Из лимузина вышел водитель в униформе и открыл пассажирскую дверь.
Талли медленно, будто знала, что за ней наблюдают, показалась из машины. Она была одета с тщательно продуманной небрежностью – дизайнерские джинсы с низкой посадкой, белая мужская рубашка, темно-синий пиджак. Волосы густого каштанового цвета, подстриженные каскадом и, вероятно, уложенные лучшим стилистом Манхэттена, сияли под светом фонаря.
– Ух ты, – повторила Мара.
Кейт попыталась втянуть живот.
– Интересно, я еще успею сбегать на липосакцию?
Джонни вылез из машины и подошел к Талли. Они стояли так близко, что соприкасались плечами. Рассмеявшись какой-то шутке водителя, Талли повернулась к Джонни, начала что-то говорить, прижимая ладонь к его груди.
Вмести они смотрелись просто шикарно, точно модели со страниц модного журнала.
– А папе, похоже, нравится тетя Талли, – прокомментировала Мара.
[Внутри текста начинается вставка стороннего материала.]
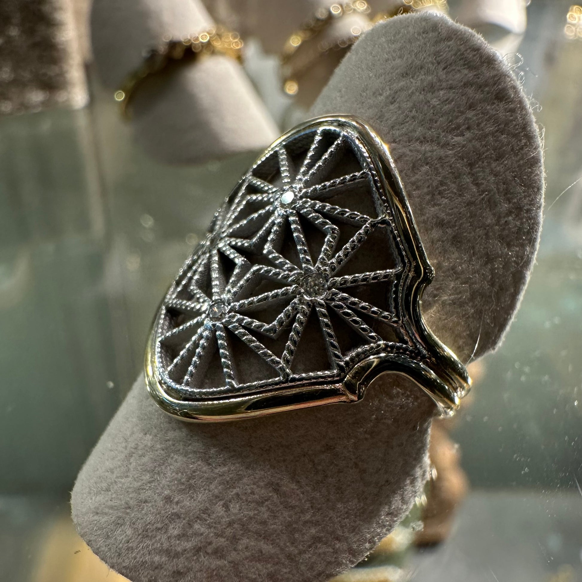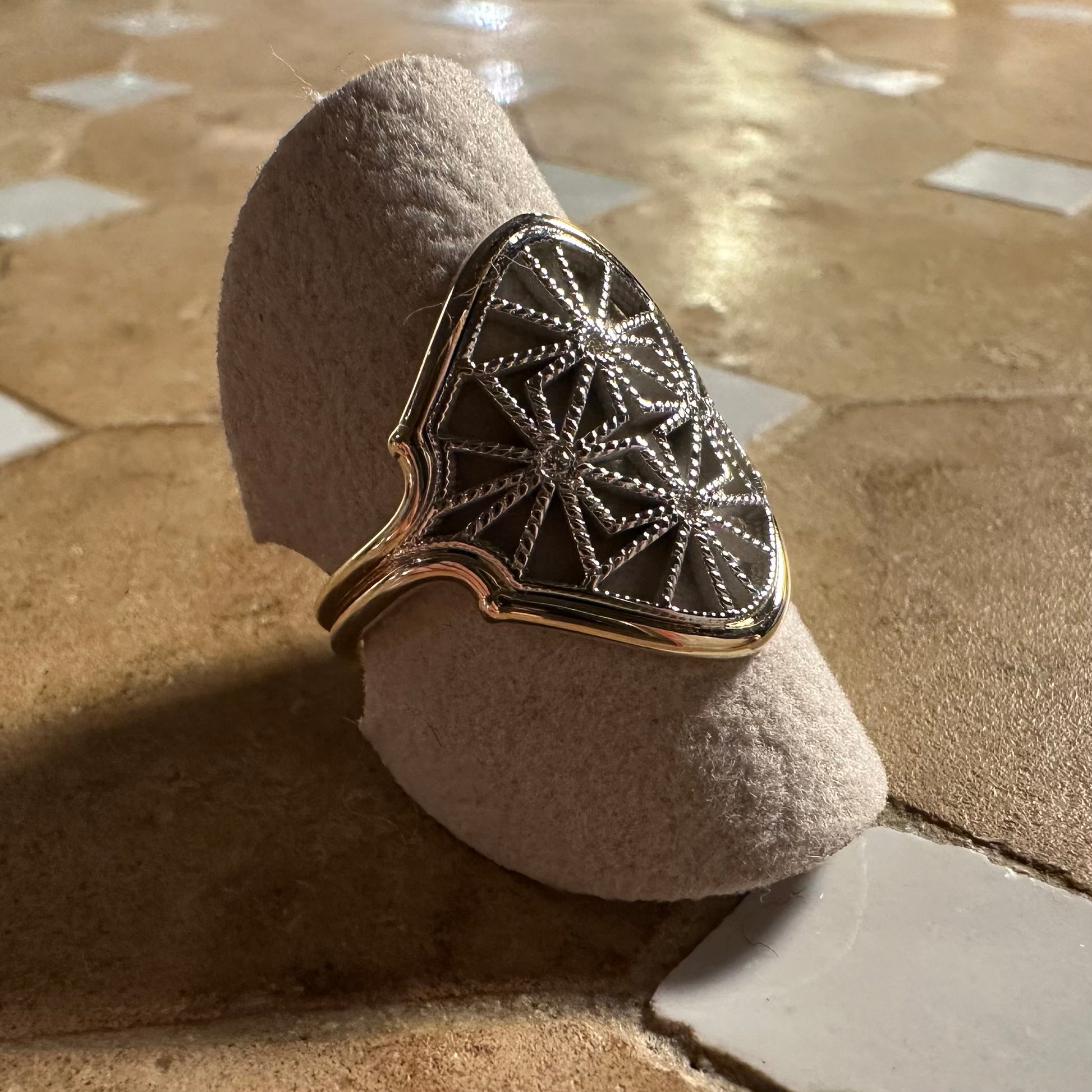 In sorgfältiger Handarbeit aus 14 Karat Gelbgold und Weißgold gefertigt, zeigt der Ring ein ornamentales, blütenähnliches Muster, das im Licht wie ein kaiserliches Mosaik erstrahlt.
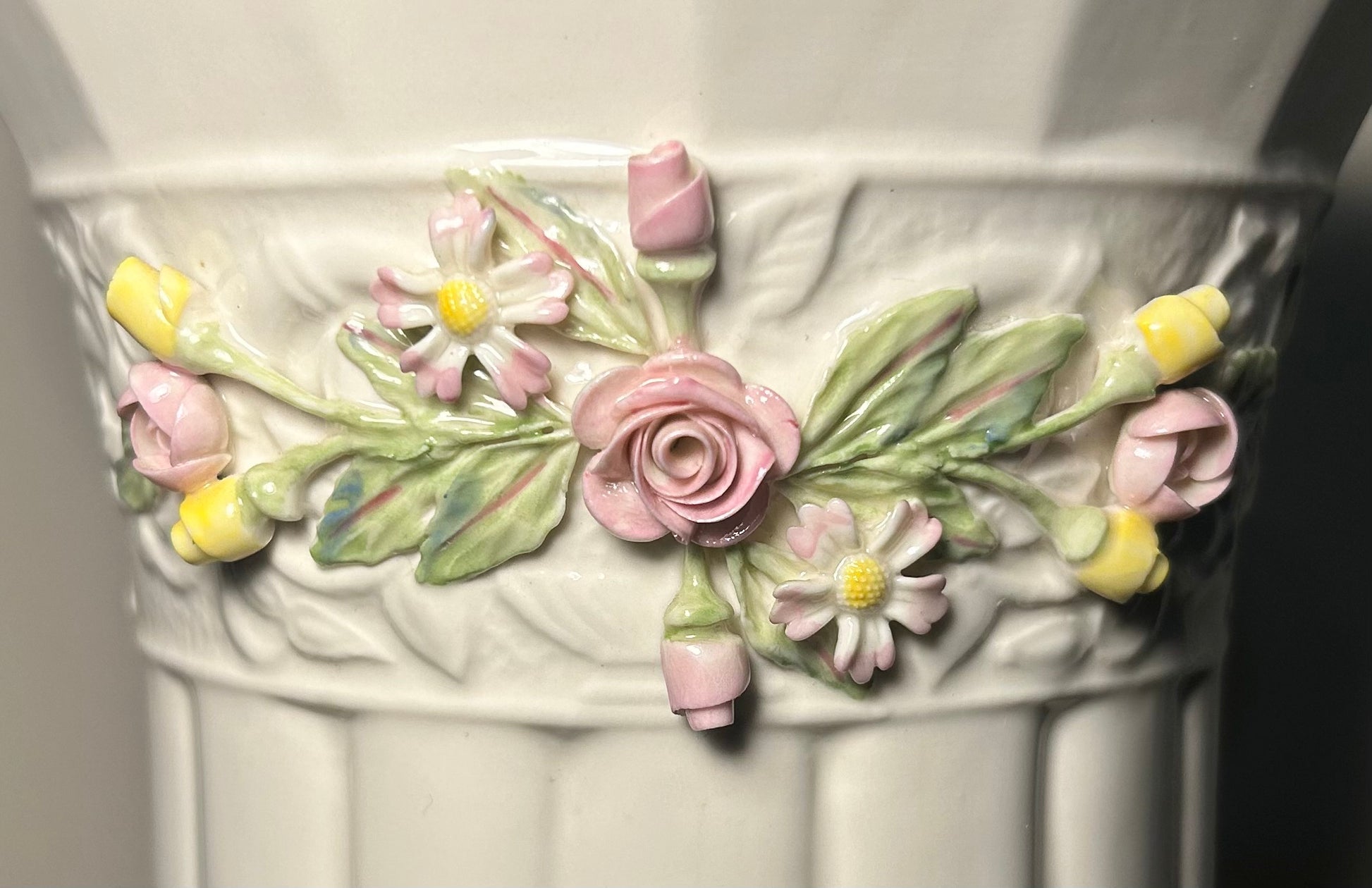 Experience the stunning craftsmanship of this 2001 Irish Belleek Porcelain Annual Piece Tree of Life Limited Edition Vase. This charming European-crafted vase features a ribbed body, applied flowers, and a molded band with floral motifs. Adorned with intricate details, it is a true work of art that will make a statement in any home.
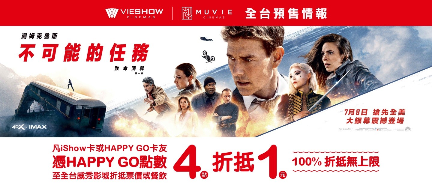 ●電影場次預售開放時間:06/29 (四)中午12:00過後開放《不可能的任務:致命清算第一章》07/08(六)-07/10(一)之部分場次預售。 (線上購票於中午12:00-12:30開放售票系統)
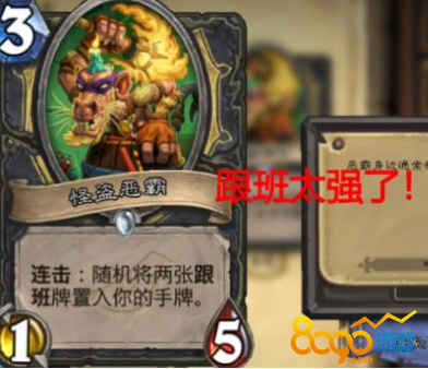 这是呼声最高的一张卡,盗贼的职业卡怪盗恶霸,3费的随从拥有五费的血量,连击效果还是给两张跟班卡,如果后手的情况下,二费跳币上这个,那基本上可以宣告游戏结束了,当然不是说这张卡有多BUG,而是盗贼的跟班体系实在是有点强。
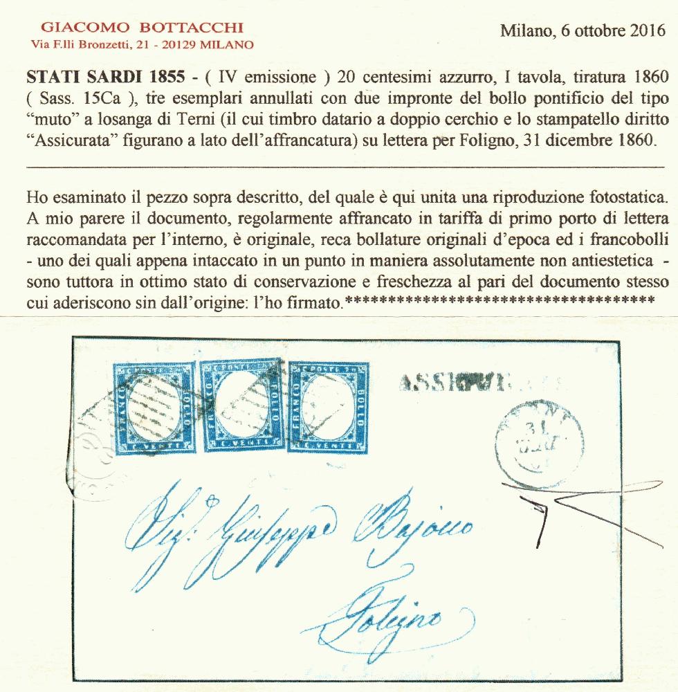 | Zusatzinformationen und Suchstichworte: | Filatelia Sammarinese Saalauktion 8. - 9. September 2023 Los 1285 Italien Staaten Kirchenstaat ASSICURATA - SD su lett. da TERNI 31 DEC 60 a Foligno con Sardegna 20 c., 3 es. di cui uno legg. intaccato (15Ca) ann. a griglia. Rara. Ray., cert. Bot Ausruf 800,00 EUR |

– Похоже, – согласилась Кейт, но Мары уже не было рядом. Распахнув дверь, она выбежала навстречу своей крестной, и та тотчас закружила ее в объятиях.
Вихрь разговоров и света, повсюду сопровождавший Талли, ворвался в дом. Она крепко обняла Кейт, по очереди поцеловала близнецов в пухлые щечки, раздала больше подарков, чем все Райаны вместе взятые получали на Рождество, и немедленно потребовала чего-нибудь выпить.
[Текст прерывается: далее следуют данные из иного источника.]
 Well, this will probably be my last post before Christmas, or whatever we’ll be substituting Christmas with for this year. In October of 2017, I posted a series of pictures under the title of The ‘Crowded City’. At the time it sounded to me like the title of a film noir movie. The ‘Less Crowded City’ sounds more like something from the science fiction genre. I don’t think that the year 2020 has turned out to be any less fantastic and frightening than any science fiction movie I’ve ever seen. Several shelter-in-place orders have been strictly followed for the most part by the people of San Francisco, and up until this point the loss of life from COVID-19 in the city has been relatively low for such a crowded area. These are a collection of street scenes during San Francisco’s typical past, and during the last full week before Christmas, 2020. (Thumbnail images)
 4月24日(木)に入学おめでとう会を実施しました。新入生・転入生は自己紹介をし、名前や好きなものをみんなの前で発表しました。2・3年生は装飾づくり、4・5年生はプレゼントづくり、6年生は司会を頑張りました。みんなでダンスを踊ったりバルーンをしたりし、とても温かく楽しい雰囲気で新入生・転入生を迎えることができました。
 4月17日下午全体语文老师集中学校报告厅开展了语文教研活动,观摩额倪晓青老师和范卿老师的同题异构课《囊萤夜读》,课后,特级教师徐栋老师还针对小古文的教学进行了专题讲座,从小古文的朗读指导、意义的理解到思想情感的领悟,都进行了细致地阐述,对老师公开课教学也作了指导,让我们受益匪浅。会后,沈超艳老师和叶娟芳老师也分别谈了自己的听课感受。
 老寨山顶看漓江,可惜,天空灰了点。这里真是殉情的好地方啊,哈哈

Во время ужина она без остановки развлекала всех историями о встрече миллениума в Париже, о том, как все паниковали перед наступлением нового тысячелетия, о церемонии вручения «Оскара», на которой была недавно, о платье, которое клейкой лентой закрепили на груди, а на вечеринке оно внезапно отклеилось, как раз когда она опрокидывала в себя очередной шот.
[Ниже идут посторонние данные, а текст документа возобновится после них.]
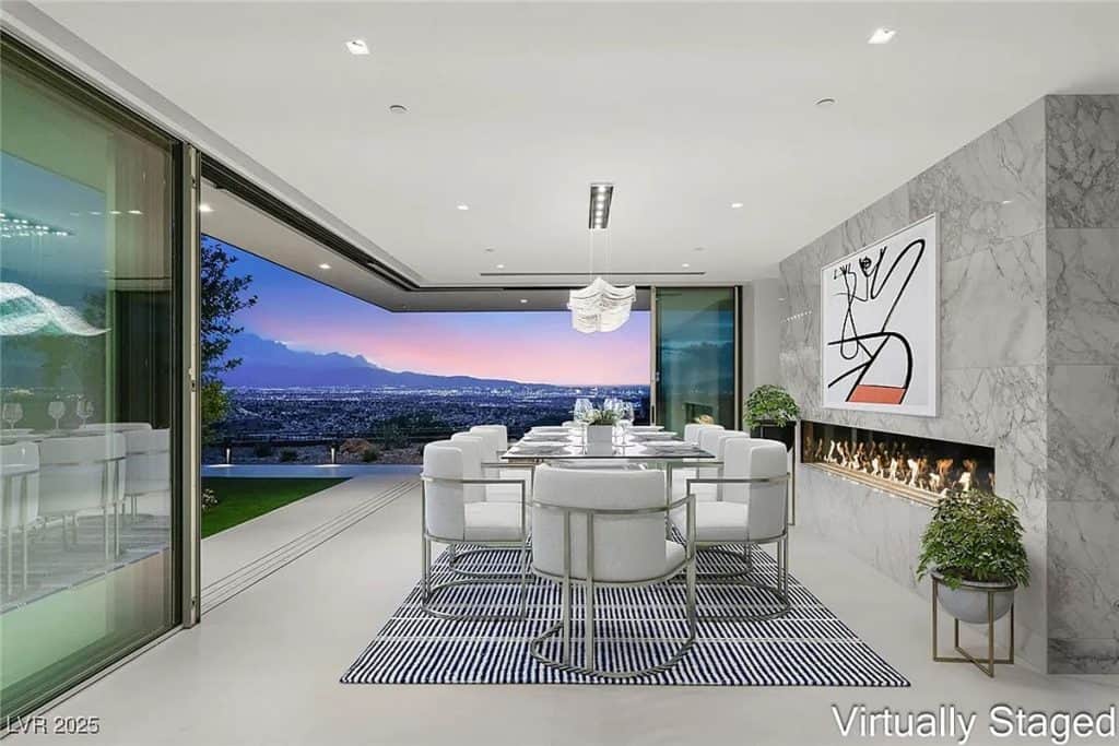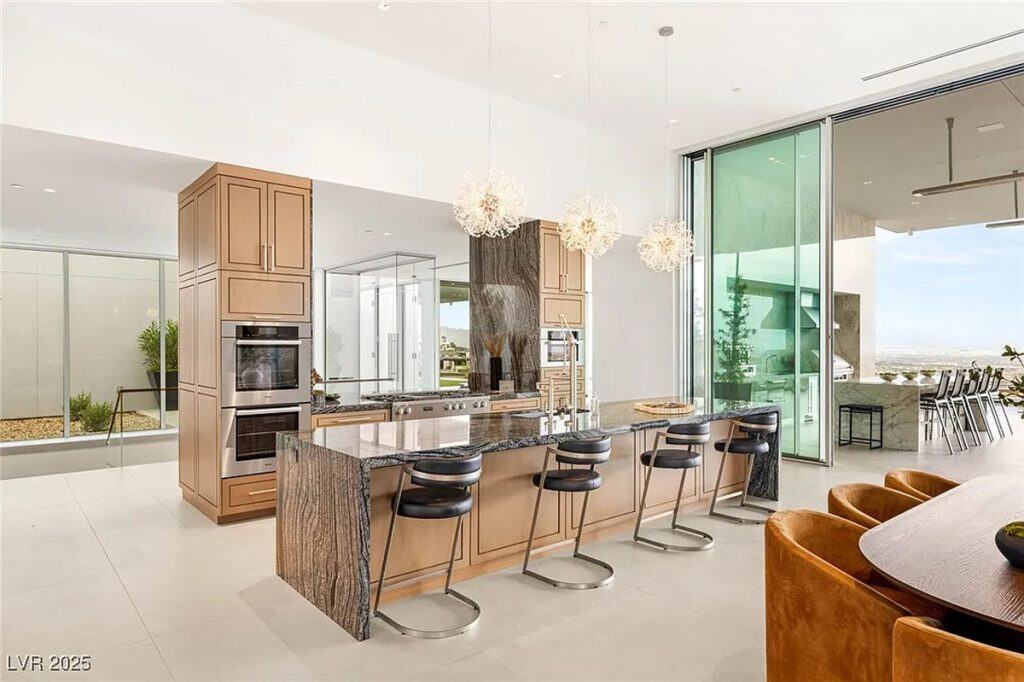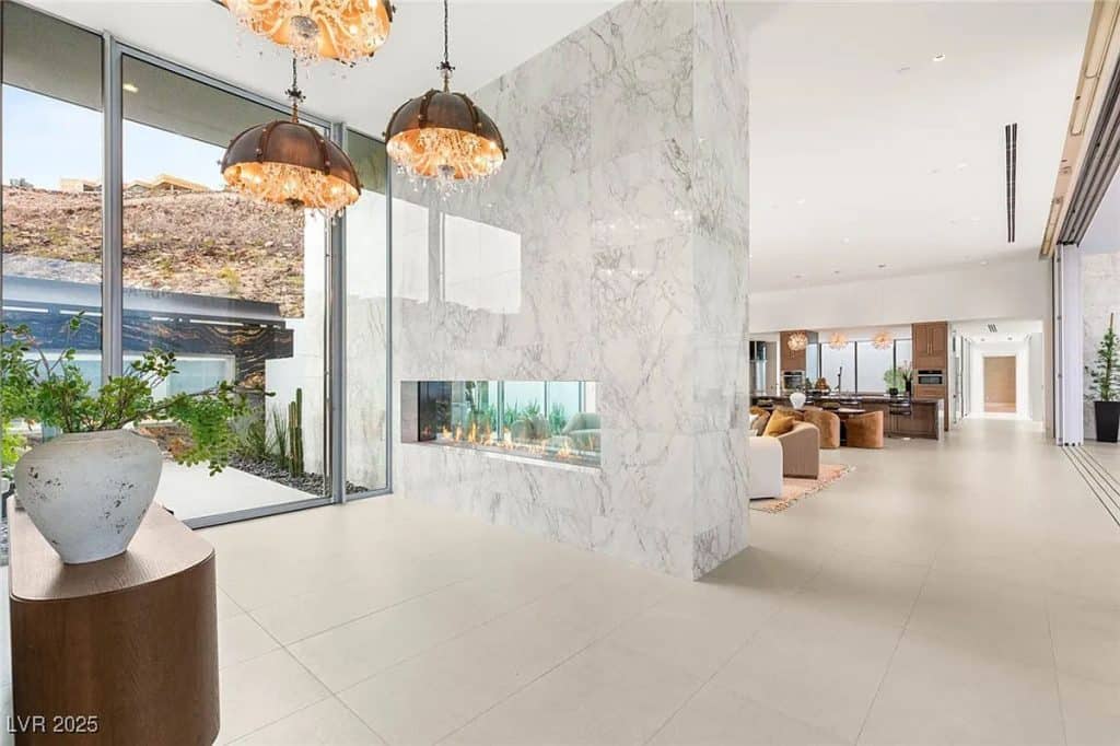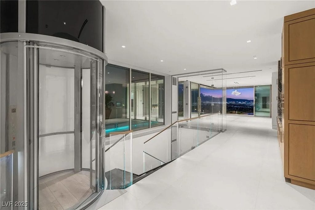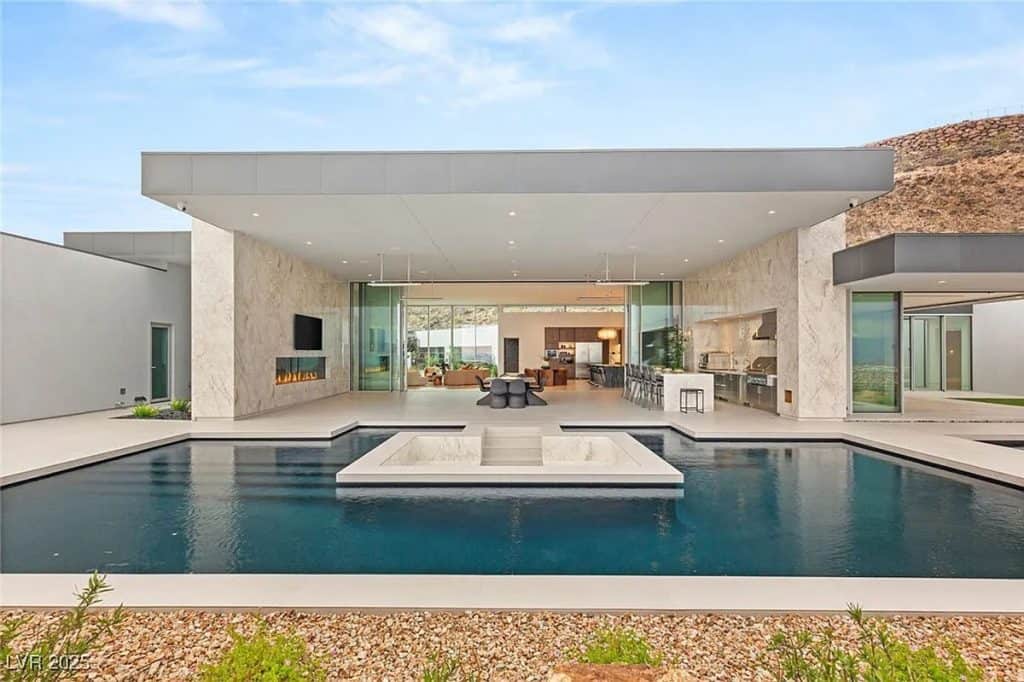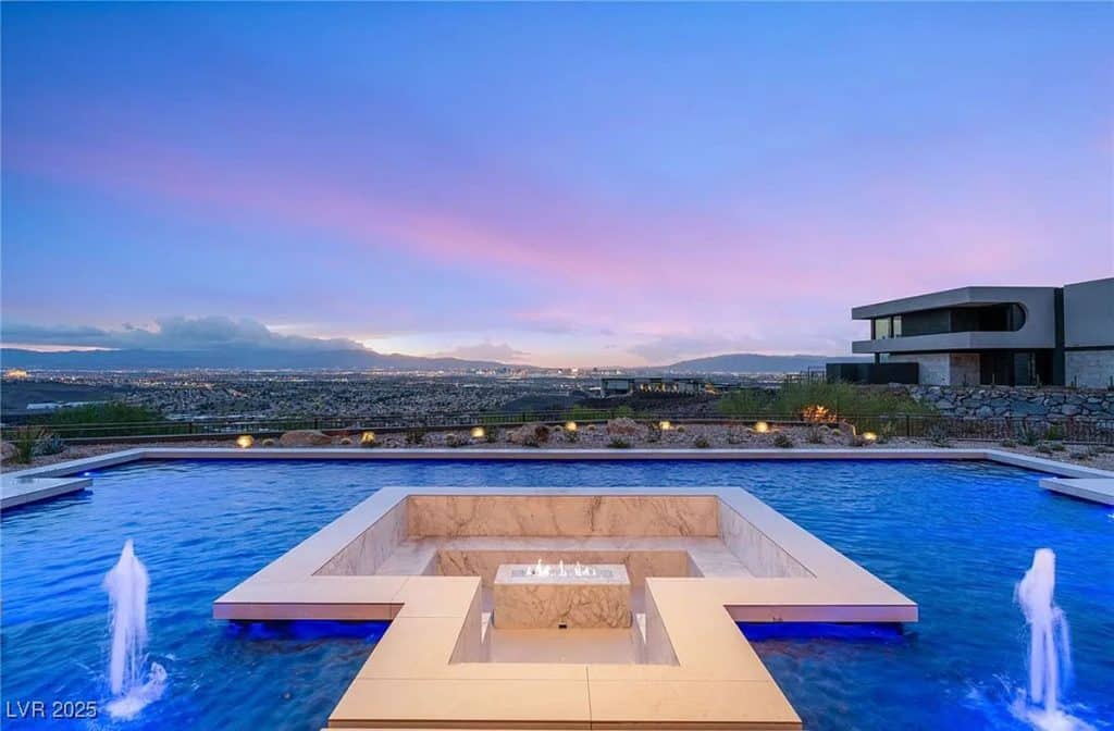 Brand new and never occupied, this stylish mansion features a private elevator leading to a theater, bar, and guest suite on the upper level, while all primary living spaces and bedrooms are gracefully situated on the ground floor. Flames flicker throughout—from the floating glass courtyard fireplace to the dual marble-surround fireplaces that adorn the great room and patio, as well as the firepits at the pool’s sunken lounge and outside the primary suite’s secluded retreat. Towering glass walls disappear to reveal breathtaking views of the Strip, mountains, and cityscape. The lavish primary suite captivates with expansive vistas, an indoor-outdoor shower, and a boutique-style closet. A resort-style pool, spa, outdoor kitchen, extravagant patios, and a 6-car gallery garage round out this architectural masterpiece.

– Было на что посмотреть, – смеясь, закончила она, – если вы понимаете, о чем я.
Мара ловила каждое слово.
– Это же от Армани было платье? – спросила она.
У Кейт чуть глаза на лоб не полезли, когда Талли ответила:
– Совершенно, верно. А я вижу, ты хорошо разбираешься в моде. Горжусь тобой.
– Я просто фотографии в журнале видела. Ты там была в списке самых стильных.
– Так и сил на это ушло немало, – сказала Талли, расплываясь в улыбке. – У меня целая команда стилистов.
– Ух ты! – в очередной раз воскликнула Мара. – Как же круто.
Когда беседа о моде исчерпала себя, Талли переключилась на мировую политику. Они с Джонни обсудили скандал вокруг Клинтона и Моники Левински и журналистов, которые им обоим перемыли все кости, а каждый раз, когда возникала хотя бы секундная заминка, Мара вклинивалась с вопросами о подростковых кумирах, которых Талли знала лично, а Кейт не знала вовсе. Сама Кейт, не спускавшая глаз с близнецов, почти не участвовала в разговоре. Все пыталась вставить что-нибудь, но отвлекалась на мальчиков, которые то и дело принимались кидаться друг в друга едой.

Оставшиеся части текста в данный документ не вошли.